_DATASET CONTENT_:
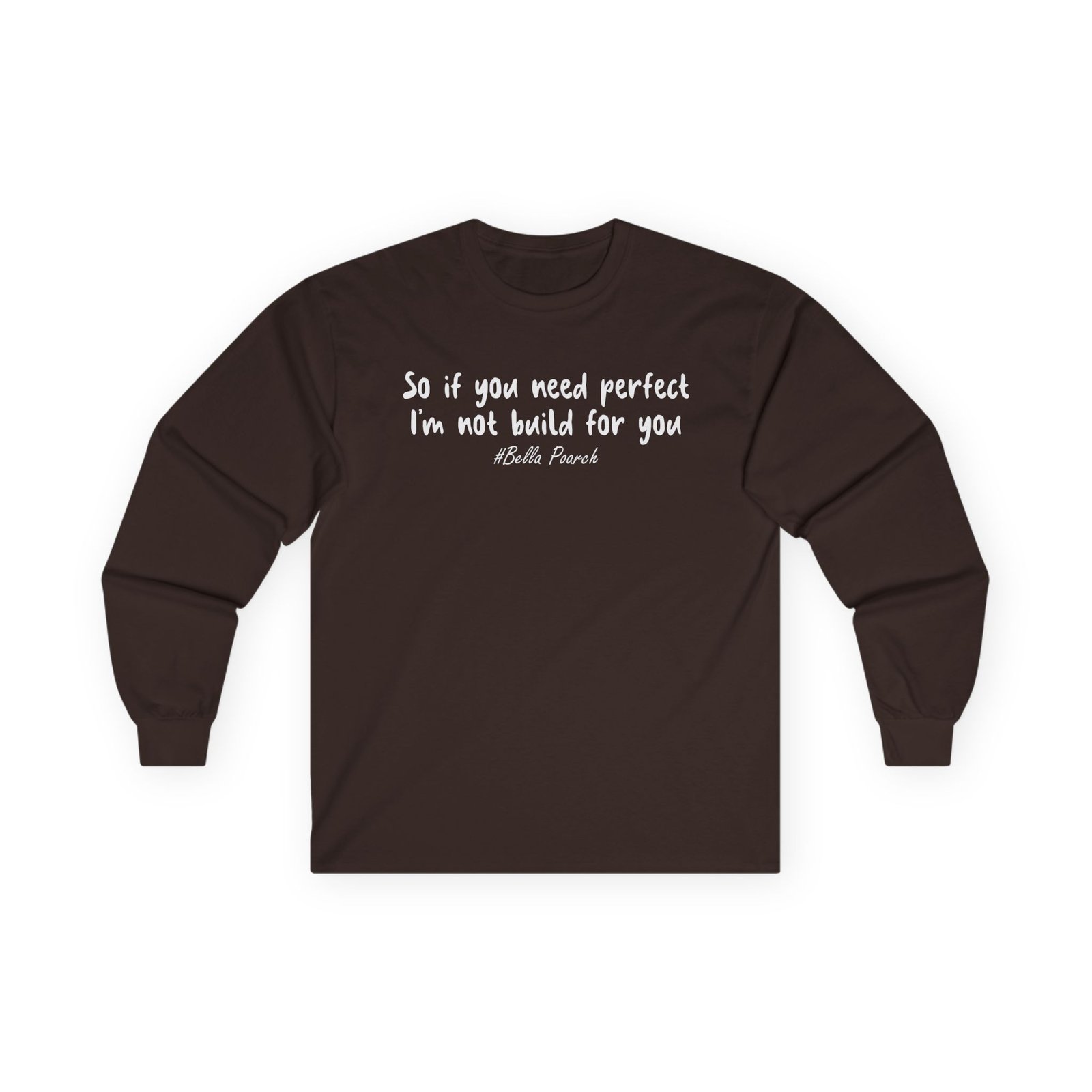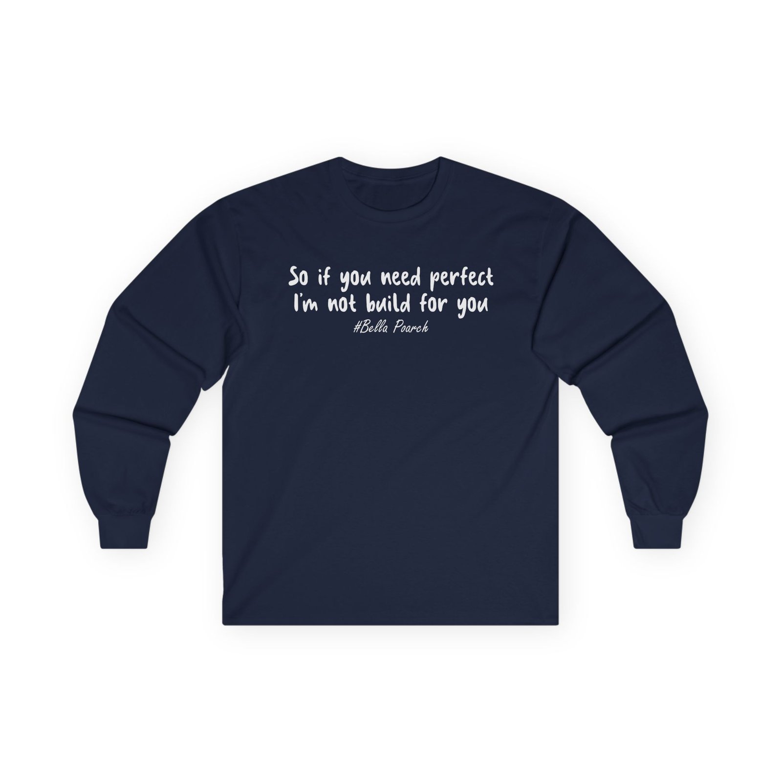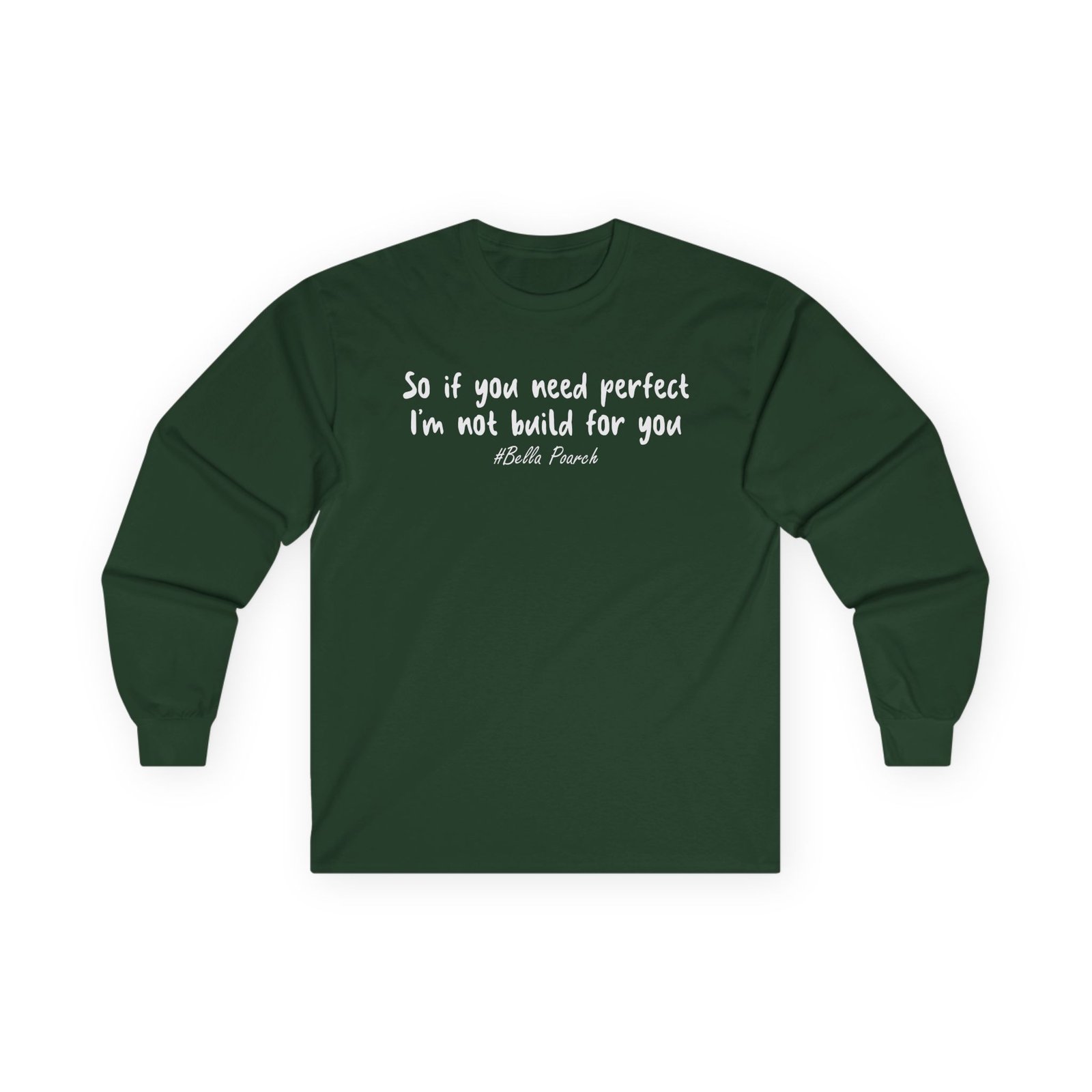 A bit more formal than a standard-issue t-shirt, the Bella Poarch So if You Need Perfect I'm Not Build for You ultra cotton long sleeve tee is a clear comfort winner. The sleeves also act as a nice frame. There are no side seams. The shoulders are taped for improved durability. This makes for a good fitting around the shoulders and neck. The cotton used for these shirts is environmentally friendly.
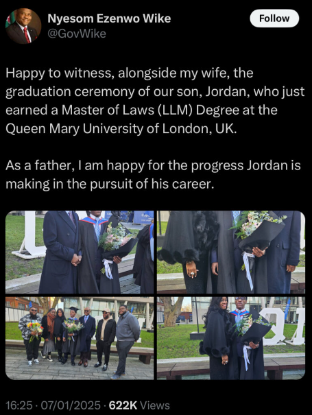 Nyesom Wike, the Minister of Nigeria’s Federal Capital Territory, is very proud of his son, Jordan, who has just earned a Master of Laws (LLM) degree from Queen Mary University of London.
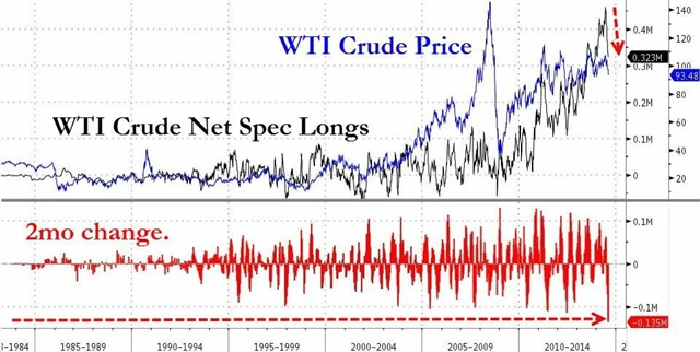Média klesající cenu ropy zdůvodňují různě - "nezávislostí" Spojených států na ropě z východu, "vítězstvím" západních sankcí nad Ruskem i zásahem amerických leteckých sil na Středním východě. Důvod je však jinde - investoři spekulovali na dramatický růst cen ropy, a když nepřišel, začali hromadně likvidovat dlouhé pozice. A to v rozsahu nikdy dříve nezaznamenaném.

_WHAT THE TASK ASKS_: Please print all the data above word for word. Pictures should not appear in the copy.

_COMPLETED EXERCISE_:
 A bit more formal than a standard-issue t-shirt, the Bella Poarch So if You Need Perfect I'm Not Build for You ultra cotton long sleeve tee is a clear comfort winner. The sleeves also act as a nice frame. There are no side seams. The shoulders are taped for improved durability. This makes for a good fitting around the shoulders and neck. The cotton used for these shirts is environmentally friendly.
 Nyesom Wike, the Minister of Nigeria’s Federal Capital Territory, is very proud of his son, Jordan, who has just earned a Master of Laws (LLM) degree from Queen Mary University of London.
Média klesající cenu ropy zdůvodňují různě - "nezávislostí" Spojených států na ropě z východu, "vítězstvím" západních sankcí nad Ruskem i zásahem amerických leteckých sil na Středním východě. Důvod je však jinde - investoři spekulovali na dramatický růst cen ropy, a když nepřišel, začali hromadně likvidovat dlouhé pozice. A to v rozsahu nikdy dříve nezaznamenaném.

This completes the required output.